In the records below, find the line that contains "圖為畫師繪畫唐卡?!●R文莉 供圖" and the line that contains "学前教育专业、英语专业相关负". Set down exactly those lines and every line between them, and nothing more.

§ **Available records**:
"""
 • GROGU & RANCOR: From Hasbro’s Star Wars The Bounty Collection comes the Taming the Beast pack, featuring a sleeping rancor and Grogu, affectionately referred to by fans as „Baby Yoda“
"""
"""
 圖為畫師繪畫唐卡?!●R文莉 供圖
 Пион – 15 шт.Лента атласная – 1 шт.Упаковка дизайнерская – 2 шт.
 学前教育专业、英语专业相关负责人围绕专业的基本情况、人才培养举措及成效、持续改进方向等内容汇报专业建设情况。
"""
§ **Exercise result**:
 圖為畫師繪畫唐卡?!●R文莉 供圖
 Пион – 15 шт.Лента атласная – 1 шт.Упаковка дизайнерская – 2 шт.
 学前教育专业、英语专业相关负责人围绕专业的基本情况、人才培养举措及成效、持续改进方向等内容汇报专业建设情况。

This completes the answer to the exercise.